Vanessa Jane Hall is enthusiastic about the Villum Experiment trial with anonymised submission processes.

“In the United States, it is more usual to anonymise funding applications. And if the Villum Foundation can show that it actually makes sense to anonymise the applicants, then maybe other funds will follow suit. It is my impression that many people are interested in finding out whether they can do things differently,” she says.

Focus on gender diversity

One of the funds that also focusses on gender diversity, is the Innovation Fund Denmark. The board of directors consists of 44.4 per cent women. There is a reason for this,” explains head of communications Pernille Rype.
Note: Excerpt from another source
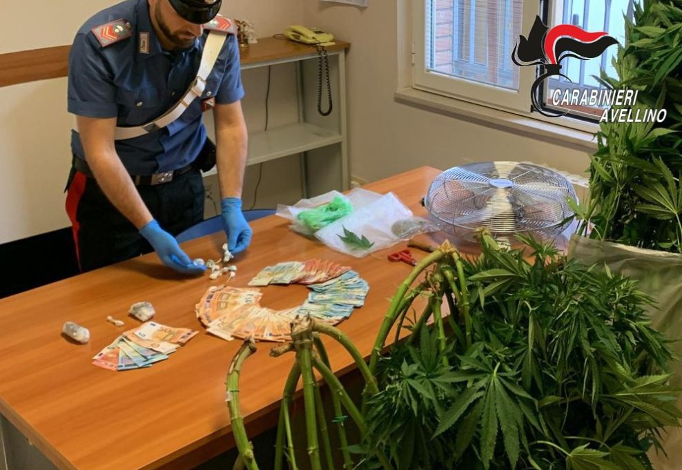 Ieri sera a Montecalvo Irpino, durante un servizio di controllo alla circolazione stradale, i Carabinieri hanno fermato il predetto alla guida di un’auto. L’anomalo atteggiamento manifestato dall’automobilista ha indotto i militari ad approfondire le verifiche. All’esito dell’immediata perquisizione personale e veicolare, il giovane è stato trovato in possesso di una dose di cocaina e una decina di grammi di marijuana, occultati in un cassetto portaoggetti dell’auto. La successiva perquisizione domiciliare ha consentito di rinvenire altre 9 dosi di cocaina, circa 40 grammi di marijuana nonché 6 piante di cannabis indica coltivate all’interno di una serra presente nel giardino. Quanto rinvenuto è stato sottoposto a sequestro, unitamente a materiale utile per il confezionamento delle dosi ed a circa 3.800 euro in contanti, ritenuti provento dell’illecita attività di spaccio.

We hope to find out how we can get more women to apply – and we encourage universities to also ensure that more women researchers apply to us. Because we cannot change things alone

Pernille Rype, head of communications at the Innovation Fund Denmark

“It’s the Ministry of Research and Education which appoints the board of directors. And this is something that there has been a focus on. Also in the management group, which I am a part of. Here there are two men and three women. And it is something that our director has a focus on in the entire organisation.”

At the Innovation Fund Denmark, they are working out a diversity policy with specific targets.

“We have found a bias where more men than women apply for our grants. At the beginning of October, we presented an analysis with McKinsey that examines how we can get more talented women in play and how we can improve the gender balance in STEM subjects. At the Innovation Fund Denmark, we have just presented several initiatives that focus on gender diversity. We are in the process of appointing female ambassadors in all our programmes. We have planned to run a pilot project with our entrepreneurial programme, Innofounder, where we look at the entire application process and the way we describe and market the scheme. And we are looking at whether we can anonymise application processes, ” Pernille Rype explains.

The plan is that Innovation Fund Denmark uses the lessons learned from the entrepreneur project InnoFounder in other areas. And the fund is reviewing their application processes in general.

“We are reviewing our application form for research projects, Grand Solutions, and the idea is that we interview a number of qualified female researchers to hear why they have not applied. We hope to find out how we can get more women to apply – and we encourage universities to also ensure that more women researchers apply to us. Because we cannot change things alone,” says Pernille Rype.

Collecting signatures

As a part of the campaign Vanessa Jane Hall has started a petition to improve the gender balance in research. One of the objectives is to focus more on the gender balance in both the boards of the Danish research funds, but also among researchers who receive grants from the funds.

226 Danish and foreign researchers have signed the petition so far. When 500 have signed, the signatures will be sent to the research funds and to Minister for Research and Education Tommy Ahlers.

I hope that there will be more women in the funds’ boards of directors when you check back in a year or two

Vanessa Jane Hall, founder of the ‘Promote Me’ campaign

“So far, the site has been shared on social media. I hope that it reaches people at the universities and sets off a debate on gender balance in research. I have got a good response from both male and female researchers. If there is any negative feedback, I haven’t heard it yet,” says Vanessa Hall, laughing.

“It seems as if there is a greater focus on diversity in research and that things are about to change. Many research funds already have a policy on gender equality and diversity. ”

What do you hope to achieve with the campaign?

“I hope to create a greater awareness that there is a gender imbalance. And that all the funds will consider how their application processes work. And if they are having problems with gender diversity, to draw inspiration from others who have achieved good results. I hope that there will be more women in the funds’ boards of directors when you check back in a year or two,” says Vanessa Jane Hall.